You have an iOS client out now. How does your firehose approach translate to native?
We have a single library with implicit integration - drop it in, and you're done. We use method swizziling to intercept calls to the native APIs, and then send them to our servers.
I have absolutely no idea what method swizziling is.
Anytime a call is made to a function that handles meaningful UI events - taps, swipes, and so forth - our functions intercept it and send it back. They're injected using a particular dynamic pattern in Objective-C. Of course since this is the same firehose model, we have to be careful in how we do it because of issues with battery life, network bandwidth, etc.
And what's your strategy?
Batching, compression, and local storage if a connection isn't present mostly. Retry when it is. Battery life is key, and we preserve it by starting the radio as infrequently as possible. But there's definitely more work to do to make it more intelligent.

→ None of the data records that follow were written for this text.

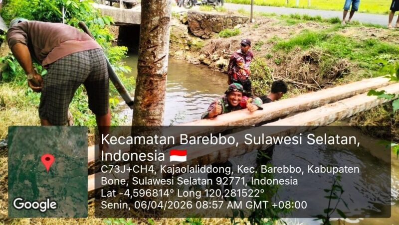 BONE – Babinsa Koramil 1407-11/Barebbo Sertu Pirman Usti membantu warga melaksanakan kerja bakti rehab jalan tani dan jembatan kayu penghubung di Dusun Bakke, Desa Kajaolalidong, Kecamatan Barebbo, Kabupaten Bone, Senin siang (06/04/2026).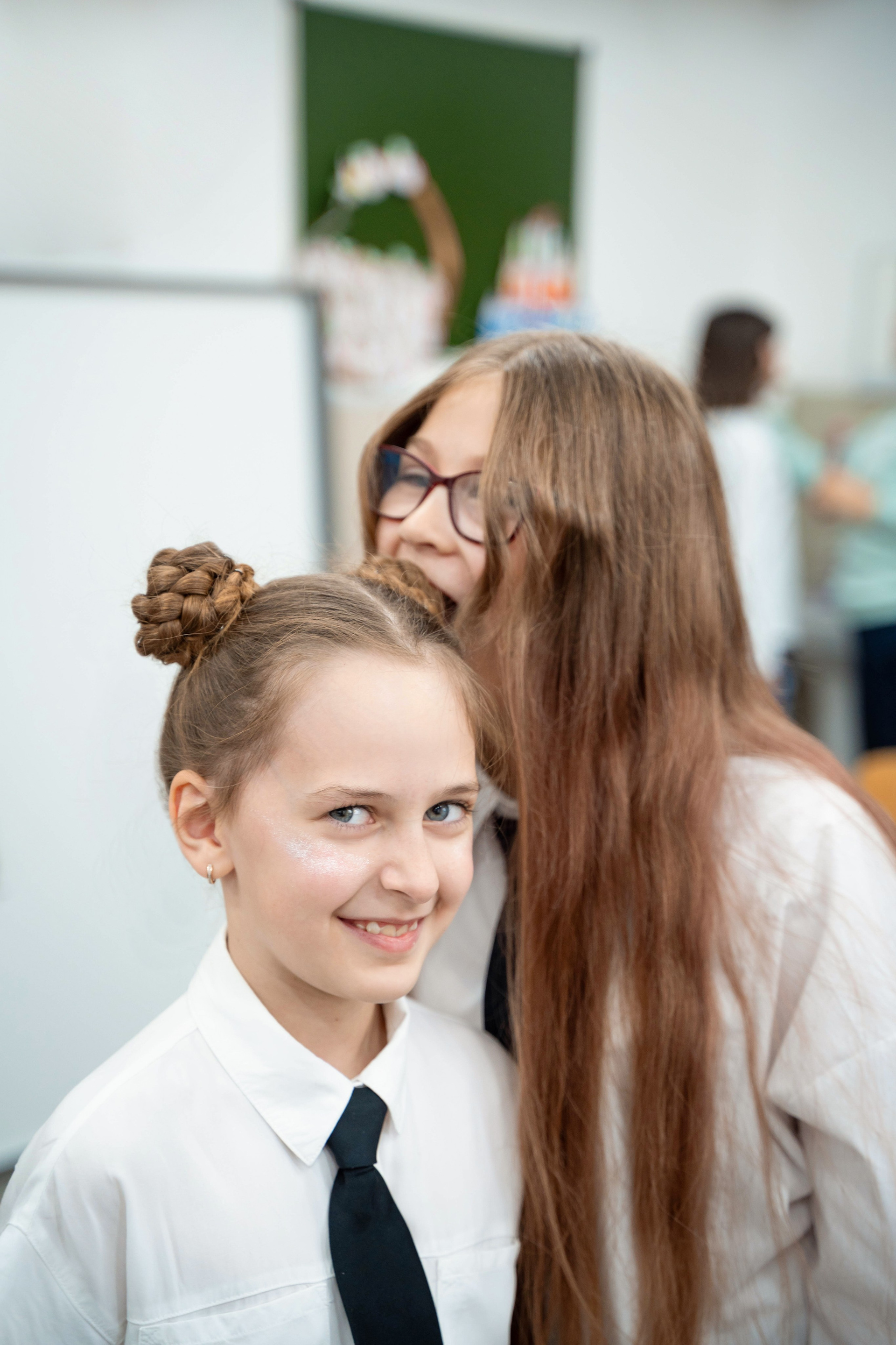 и вторая — В ПОДАРОК — в стенах родной школы: тот самый класс, коридоры, лестница — всё, что через несколько лет станет воспоминаниями.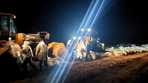 Как сообщили в Оперативном штабе Краснодарского края, в темное время суток здесь трудились пять автопогрузчиков и шесть полноприводных самосвалов. Замазученные песок, гальку и землю грузовики вывозили к накопительной площадке в анапском хуторе Воскресенском – она также работает круглосуточно.
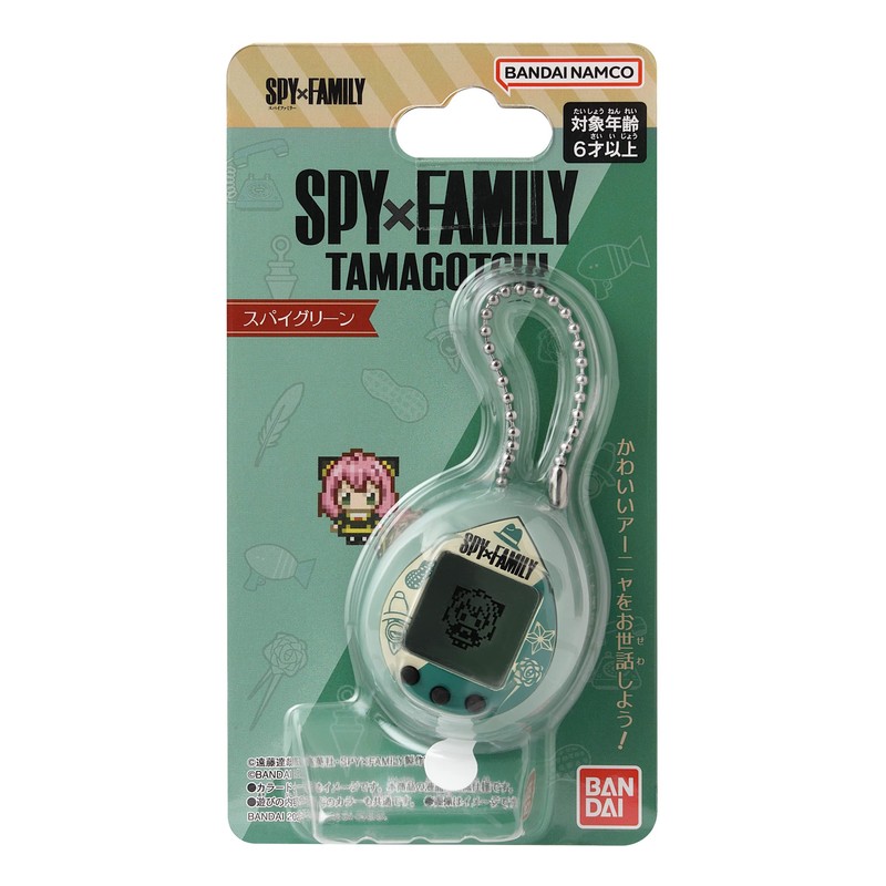 - GREEN TAMAGOTCHI SPY X FAMILY | Inspired by the hilarious Spy X Family anime and manga series, this Tamagotchi Nano lets you nurture the adorable Anya just like the Tamagotchi Original. This model has a green shell with items from the show pictured around the screen.

Ravi Parikh- Founder. UI engineer, sales, marketing. Former professional music producer. Stanford graduate.

Ravi Parikh

What's the frontend built in?
The frontend is a lot of Backbone.js and D3. The visualization stuff I did in school really comes in useful here.
You have a relatively small amount of users, especially compared to consumer apps. How do you iterate meaningfully without a lot of data?
There's a certain set of features we know we want in the UI, so that gives us focus. As far as feedback - we actively solict customer feedback, listen to our support forms, and have 1 on 1 feedback sessions. We also use Heap on our own site, which is a good way to dogfood. And sometimes, features are so obviously good or bad that we can still use our data to kill them or iterate more on them.
We used to have a cumulative event graph. Turned out basically no one used it, ever. Nor did they want to - it was awful for insights. We ultimately killed it.
One of your explicit goals is to build UIs for non-technical people. Statistics and analytics are hard. How do you communicate the complexity inherent in these concepts?
We start off by managing expectations aggressively with regards to what Heap can do. We also try and help people understand the danger of false positives. But at the end of the day, we're still dealing with customers who know the ins and outs of their own products. We've found that even non-technical people have a good grasp of what their products are and what the data can and should refer to, which is really important. Also, we're not trying to be overly prescriptive. Instead, we're being upfront about the fact that we're giving users a set of tools they can use to analyze their data.